The Immigration Act of 1990 (“IMMACT 90”) helped create the Immigrant Investor Program as the fifth preference category for employment-based immigration, also referred to as EB-5. This was the first time a category expressly granted the admission of immigrant investors as lawful permanent residents (LPR’s) and presently is the only such category to do so. The EB-5 Immigrant Investor Program is accessible to those immigrants who have invested, or are in the process of investing at least $1 million in a new commercial enterprise employing at least 10 full-time U.S. workers. Individuals who invest in a “targeted employment area” (TEA), however, only have to invest a minimum of $500,000.
The purpose of the EB-5 is to kick-start the U.S. economy through job creation and capital investment by granting immigrant investors the benefits of permanent residency in the United States.
Roughly 10,000 visa numbers are allocated annually to EB-5 investors. USCIS reserves 3,000 EB-5 visas for aliens who invest in TEAs and 3,000 for aliens who invest in commercial enterprises affiliated with Regional Centers, as described below. However, the investor program has traditionally been far below capacity. In the years following the program, USCIS issued roughly 300-400 EB-5 visas. When the EB-5 visa program first commenced, it did not include the Immigrant Investor Regional Center Program, a USCIS five-year immigrant investor pilot program started in 1993 to encourage more investors to apply for EB-5 permanent residency.

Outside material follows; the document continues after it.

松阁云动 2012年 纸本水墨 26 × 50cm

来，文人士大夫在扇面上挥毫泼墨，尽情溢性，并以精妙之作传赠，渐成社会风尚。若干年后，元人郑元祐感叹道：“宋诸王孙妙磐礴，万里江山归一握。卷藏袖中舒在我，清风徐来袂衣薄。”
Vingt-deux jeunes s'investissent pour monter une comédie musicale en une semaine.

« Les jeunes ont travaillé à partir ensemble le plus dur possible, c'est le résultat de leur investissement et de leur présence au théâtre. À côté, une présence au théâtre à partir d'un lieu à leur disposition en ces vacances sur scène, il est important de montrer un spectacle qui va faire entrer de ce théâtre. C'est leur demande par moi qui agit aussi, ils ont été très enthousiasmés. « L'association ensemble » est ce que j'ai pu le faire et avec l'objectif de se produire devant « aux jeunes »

The intent of the Immigrant Investor Pilot Program is to attract more foreign investors to fund businesses and projects in specific “regional centers” that would alternatively be difficult to attract domestic investors based on the current direction of geographical market trends. By bringing such investment into areas of economic hardship and high unemployment, Congress aims to grow job expansion, improved regional productivity, invest in infrastructure, and assist the growth of ground breaking new businesses. Congress has made the Immigrant Investor Pilot program specifically appealing to foreign investors by reducing the investment minimum to $500,000 (for a troubled business in a designated regional center) as opposed to $1,000,000, allowing a less restrictive job creation requirement based upon the creation of “direct” and “indirect” jobs and not requiring the day to day management of the business. The Immigrant Investor Pilot Program has been continued several times, and was recently extended through September 30, 2012.

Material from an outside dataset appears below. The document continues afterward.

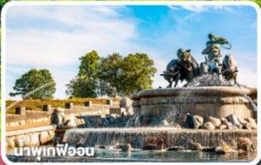
น้ำพุที่ฟ็อน
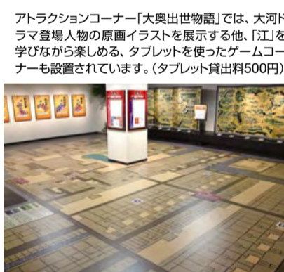
アトラクションコーナー「大奥出世物語」では、大河ドラマ登場人物の原画イラストを展示する他、「江」を学びながら楽しめる、タブレットを使ったゲームコーナーも設置されています。(タブレット貸出料500円)

With important improvements made in the consistency of the EB-5 visa, investors have begun to demonstrate more confidence and concern in the program. Each successive year, the EB-5 visa has grown in popularity. For example, in 2008, USCIS issued roughly 1,360 EB-5 visas. In 2009, this number was to over 4,000 EB-5 visas; half of these came directly from China. Part of this increase was due to the exceptional economic growth of China and the development of many independently wealthy individuals.
Approval for the EB-5 visa is high. In 2009, USCIS received 1,028 submissions of Form I-526. Of these, 966 were approved and 163 were denied. Similarly, in 2010, USCIS received almost 1,100 Form I-526. Of these, 955 were approved and 113 were denied. See EB-5 Immigrant Investor Program Memo released by the U.S. Department of Homeland Security on June 16, 2010 for more details.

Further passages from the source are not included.